Something gravid, something leaden has crept into my bones, some enervation whose source might be my mind. Each day I leave nothing behind, though there is nothing in my bag that I could not easily replace or live without.
The money my father gave me when I left St. John’s is almost gone. The amount I put aside for my return passage I will not use on rent, in which case I have at most a few weeks left.
I have lost a lot of weight. I can tell by the looseness of my clothes and by the way my face feels when, after splashing it with water, I towel it dry.
There is no mirror in my room and I no longer go elsewhere to look at my reflection, no longer appraise my figure in department stores or the windows of neighbourhood shops. I almost never eat because of the cost of the gin that my landlord seems to have a limitless supply of.

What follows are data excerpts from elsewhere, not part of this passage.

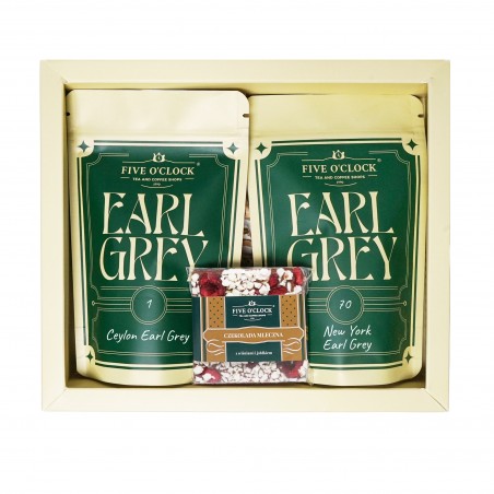 Prezent łączący klasykę z wyrafinowaną kompozycją smaków. W zestawie znajduje się czarna herbata Earl Grey w klasycznym cejlońskim wydaniu oraz chińska herbata z aromatem bergamotki i śliwki, z wędzoną herbatą oraz kwiatami jaśminu i bławatka. Mała czekoladka dopełnia całość, wnosząc subtelną słodycz i elegancję. To idealny prezent dla miłośników tradycji, którzy cenią też kreatywne smaki.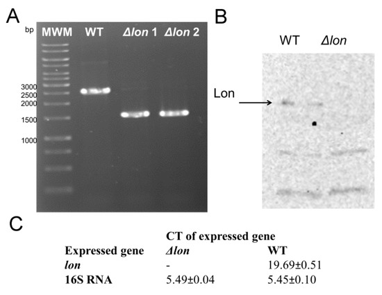 A lon deletion mutant of D. solani was constructed using the gene doctoring method, a modified protocol for lambda red recombination dedicated to the pathogenic bacterial strains. The gene encoding the Lon protease was substituted with the kanamycin resistance cassette, amplified from the pDOC-K plasmid. We confirmed the deletion of lon by three independent methods: (1) detection of the lon sequence on the D. solani chromosome by PCR using the primers complementary to the sequences flanking the lon gene; (2) detection of the lon transcript by real-time PCR; (3) immunodetection of the Lon protein using the anti-E. coli Lon rabbit antibodies. As can be seen in Figure 1, the lon gene and its product were not found in the strain D. solani IPO 2222 Δlon but were present in the WT parental strain.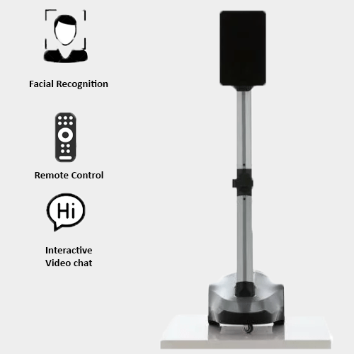 - Also, the video chat, two-way call and emotional transmission, users can have a face-to-face video communication, and accompany family anytime, anywhere. The Telepresence Robot can automatically wake you up at two meters distance. When the robot is asleep, it will wake up automatically, greet the guest or say “welcome” when the guest approaches. The SIFROBOT-4.1 can recognize customers through the face-recognition system.

I carry in my coat pocket the letter from my Provider. The letter that, several times each day for the past few months, I have read. I put my portmanteau between my feet, tuck my cane beneath one arm, and right there on the sidewalk, oblivious to the other pedestrians who are forced to sidestep me and mutter at me in frustration, read the letter.
I have become famous in the neighbourhood as “the letter lady,” the tall woman with the cane and the portmanteau who stops suddenly in mid-stride to extricate from her pocket and read, as if she received it just this morning and cannot credit its contents, the creased and yellowed letter, the letter that, by the way she pores over it in sheltered doorways on rainy days, contains some life-altering revelation. Which perhaps it does, if only I could understand the words.
One day, when I wake in the morning, I find that an envelope has been slipped beneath my door. A notice of eviction I think, until I open it.
The first thing I notice is the closing salutation, Your Provider.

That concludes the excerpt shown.